My partner’s been the same, our entire relationship. Not once does she ever ask me what I’m writing (etc. – this applies to whatever I’m doing), or take an interest, or come over and want a brief peek, or examine it in her own time.

When I quiz her on this she says “oh, I don’t want to be nosy! I’m not a nosy person like you!” (she’s secretive in her own behaviour, and hates being quizzed or checked on, and can’t make the empathetic connection to know I’m not like her)

This might be partially true, that she doesn’t want to ‘intrude’, but to that dogmatic level… this level of disinterest… this level of sheer indifference. Nah. It’s not just politeness or reserve. She genuinely isn’t very interested in my achievements and creativity. I think that’s closer to the truth.

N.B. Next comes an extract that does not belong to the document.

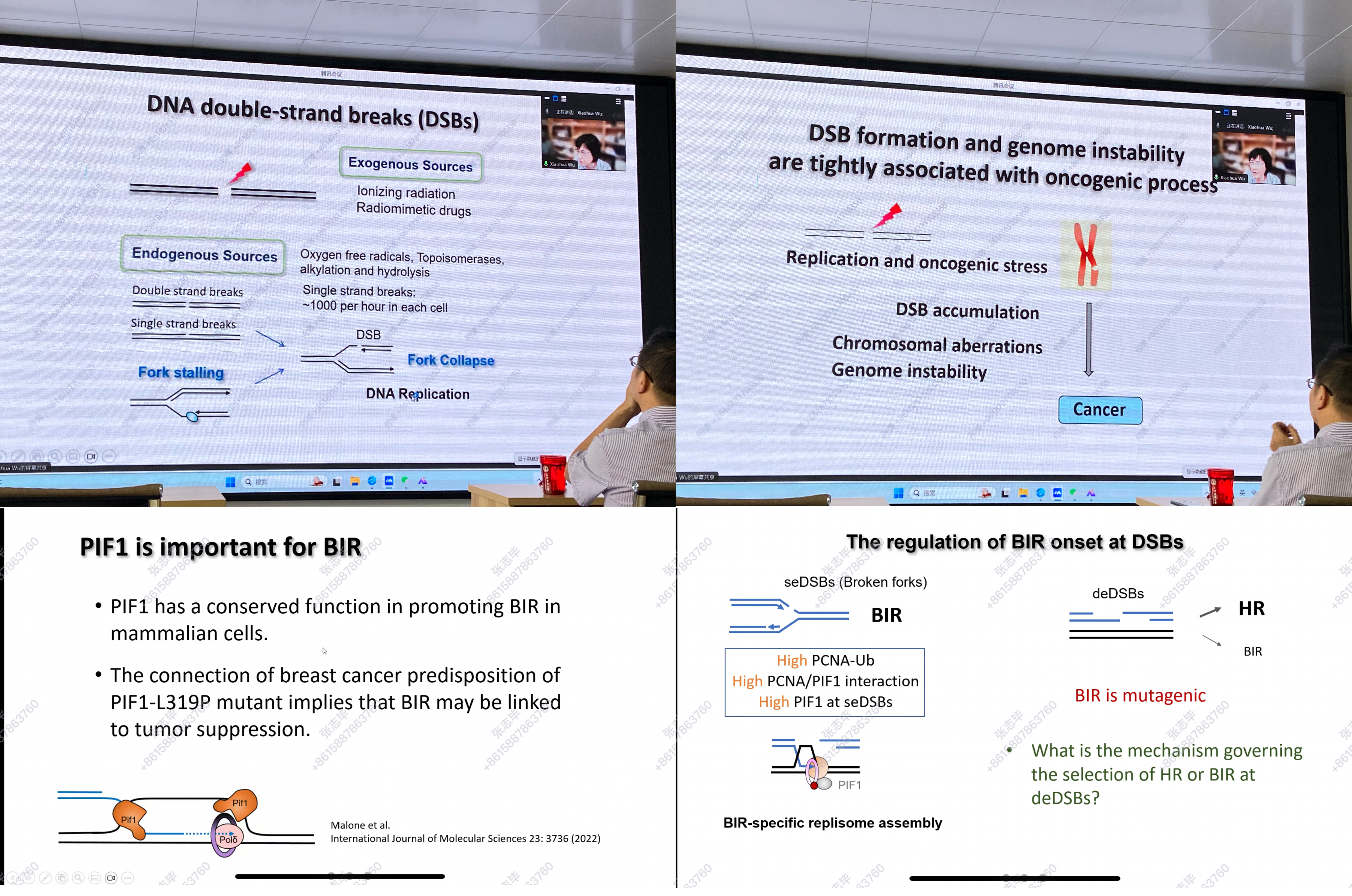 吴晓华教授以“Exploring DNA double-strand break repair pathways for targeted cancer therapy”为题,详细讲解了DNA双链断裂(DSB)、断裂诱导复制(BIR)以及DNA断裂/修复的分子调控等最新研究进展,重点介绍了课题组在PCNA、PIF1和53BP1对BIR调控的分子机制及其在肿瘤发生、发展和耐药中的作用。

I’ve begged her to read bits before, to fill her in, which I think would make all the difference, but my requests consistently fall on deaf ears due to “I don’t like reading” and “it’s too long…” and “but why do I need to know?”, etc. Then again, given that nothing I say in speech makes a difference – she fundamentally doesn’t get me – I’m probably kidding myself that somehow she’d experience an unforeseen revelation just by ‘learning’ (as if!) my life history. Some people go their whole lives having never assimilated anything new. Dead souls indeed. An inhuman level of abyssal stubbornness on that… as if they have no mind-space for another.

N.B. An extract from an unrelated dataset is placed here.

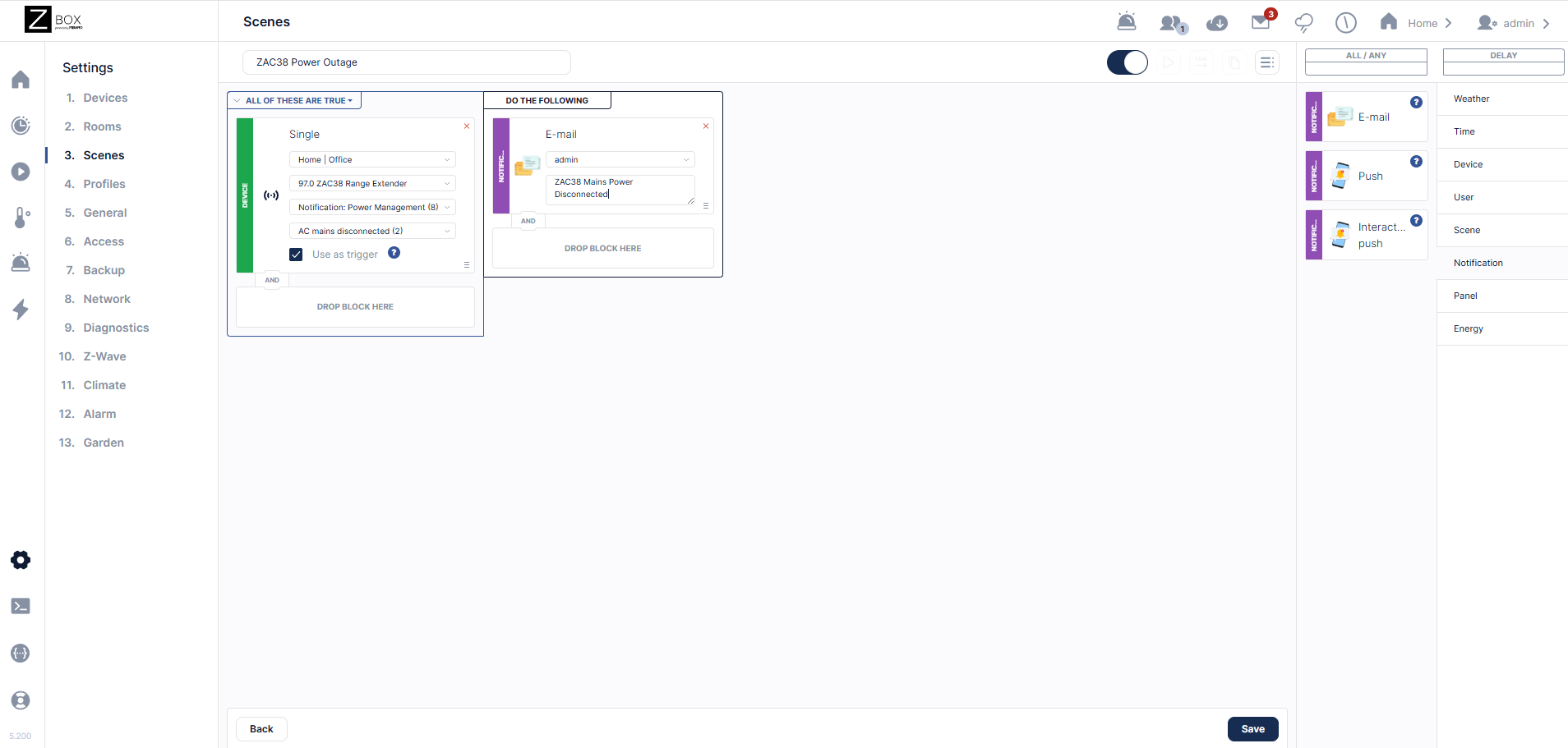 Next, in the far right column, you can use any of the listed boxes for the action part of your scene. In our example below, we've elected to send an email notification to the admin with a custom message.

I bet my favourite aunt from childhood hasn’t read the book I sent her either. My father has a PDF copy of Consumption. That will never be opened. He’ll just be “too busy” as a retired pensioner ,and “yes, yes, I get the gist” and whatever lame excuse he thinks up next.

To her credit, my mother read it before she died (much as I still wonder if the shock of the realisation she certainly did assimilate killed her).

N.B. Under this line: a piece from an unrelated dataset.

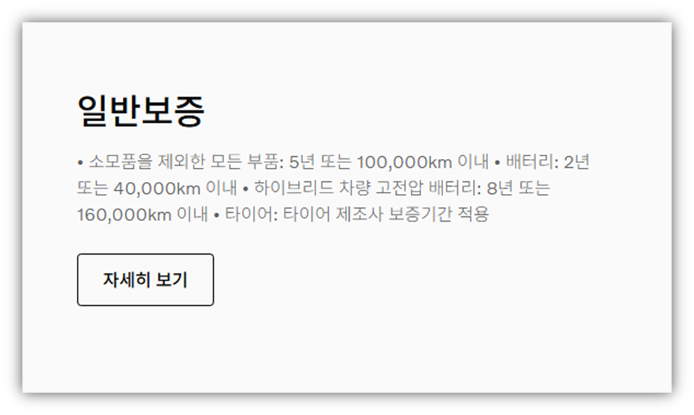 - 소모품을 제외한 모든 부품: 5년 또는 100,000km 이내

You were lucky that your mother read you! Interestingly, our friend Joseph Walsh was even luckier: his mother read Alice Miller on her own and apologized to Joseph for the abuse she had inflicted on him as a teen! A true miracle for a schizogenic mother to do that!

But even that’s not enough. It’s necessary for the victim to do hard work in the psychological healing process: something I did, but Joseph didn’t.

What disheartened me most when I spent a few days in his London flat was that, seeing him suffer from akathisia, I asked him to watch a Robert Whitaker clip and even reminded him that it was at minute 52 where he should start watching (to begin his healing process). As I’ve mentioned elsewhere, he only watched a few minutes—and ignored the rest!

Joseph never had any soul surgery. He wouldn’t be in jail if he had (he would have been more cautious: coming to Mexico with his friend Chris and continuing unmolested by the Thought Police here, with their podcast). Joseph continued down with his crazy path (admiring Charles Manson, etc.), and you see what happened.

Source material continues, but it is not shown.